We have achieved victory by two definitions. What's left, a democracy in Iraq?

Like everything else about this war, this has never really been openly and honestly discussed with the American people. I have my doubts democracy in Iraq would be a success for the West or for Sunnis world wide.

Why? Because rule in a democracy means rule by the majority, even Republicans will begrudgingly admit that, and rule by the majority in Iraq means rule by the Shiites; and rule by the Shiites in Iraq means, de facto, rule of Iraq by Iran. That is not what I would consider a victory for the West, unless I mean a Pyrrhic one, since the Republicans have constantly demonized Iran- Axis of evil and all that.

In all the world, Sunnis make up the vast majority of the Muslim world. But in Iran and Iraq the world is upside down. Shiites are the majority in Iran and Iraq. The Shiites and Sunnis have been fighting, often in a hot blooded manner, for control of all of Islam for over 1300 years. That's a battle that has been going on for over a thousand years longer than America has even existed.

And off we have gone, half-cocked, singing the praises of democracy, of which there are many, as we try to give someone else a democracy, and we have never considered if that would constitute a victory.

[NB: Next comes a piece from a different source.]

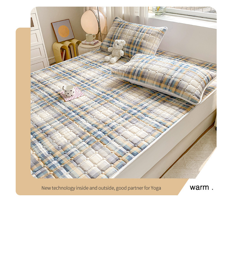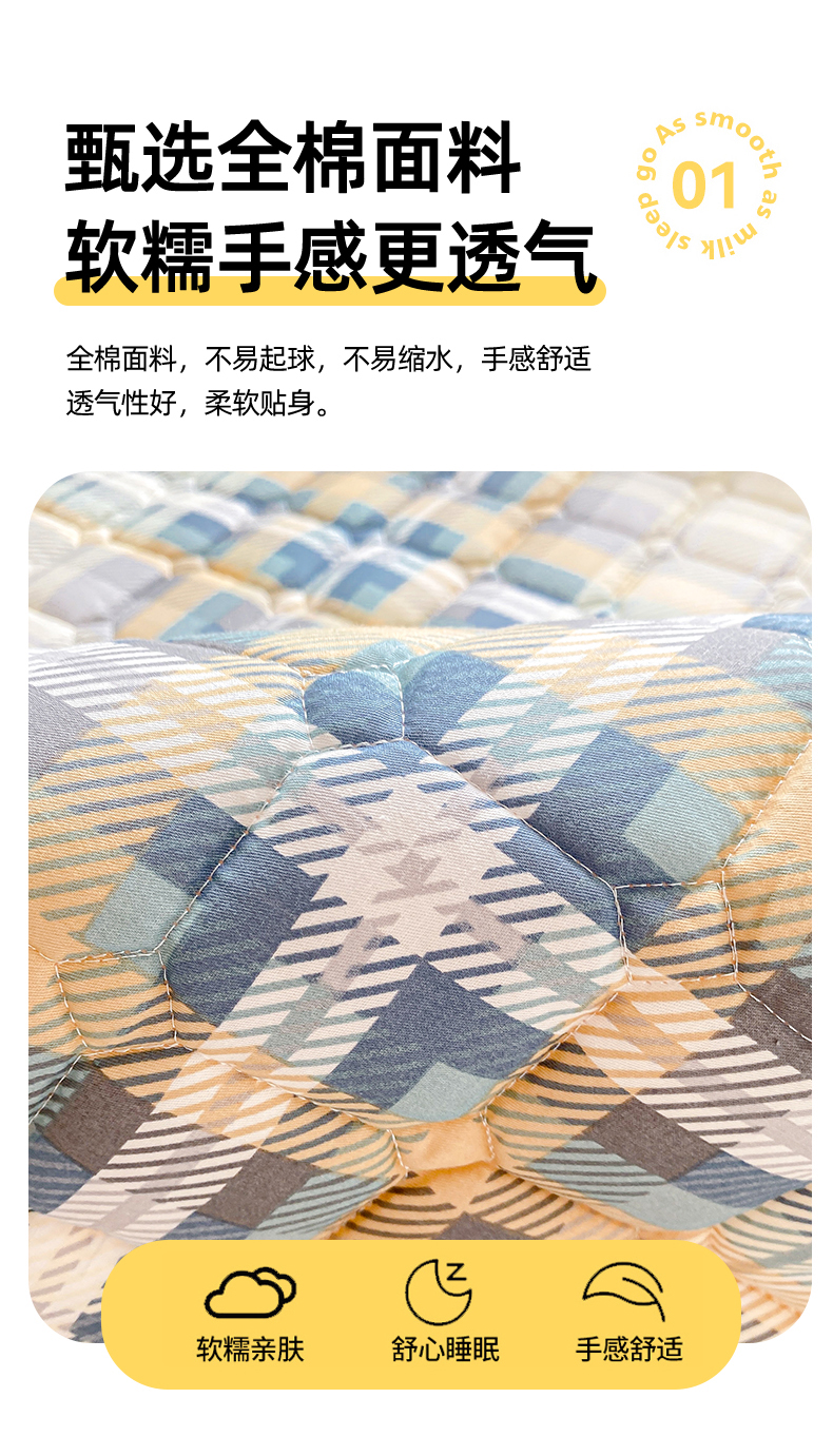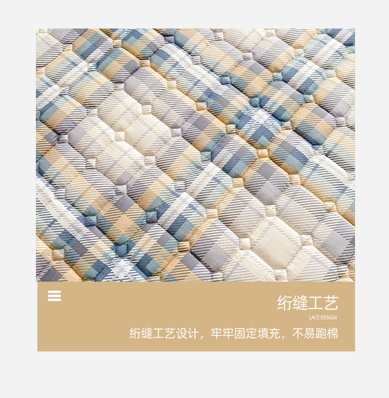 • 91家纺网 家纺一手货源 找家纺 萌飞2024新款全棉新疆棉花夹棉床垫加厚床褥垫被三件套印花 悠闲格调-浅咖

How is turning the weapon of Iraq's oil reserves over to the Shiites of Iran and Iraq- a.k.a. West Iran, a victory for the West? It can't even be a victory for the Sunnis, because after the Shiites handle the West they will turn to their age old enemy the Sunnis.

So do I pray for success of Petraeus' tactics if it means victory of a strategy that brings a Pyrrhic victory of galactic proportions to the West and to Sunnis world wide or not? Should America have a dialogue about it before we go forward with any more surges? God, I hope so because one of the alternatives to a democracy is allowing another Sunni strongman to rise to dictator.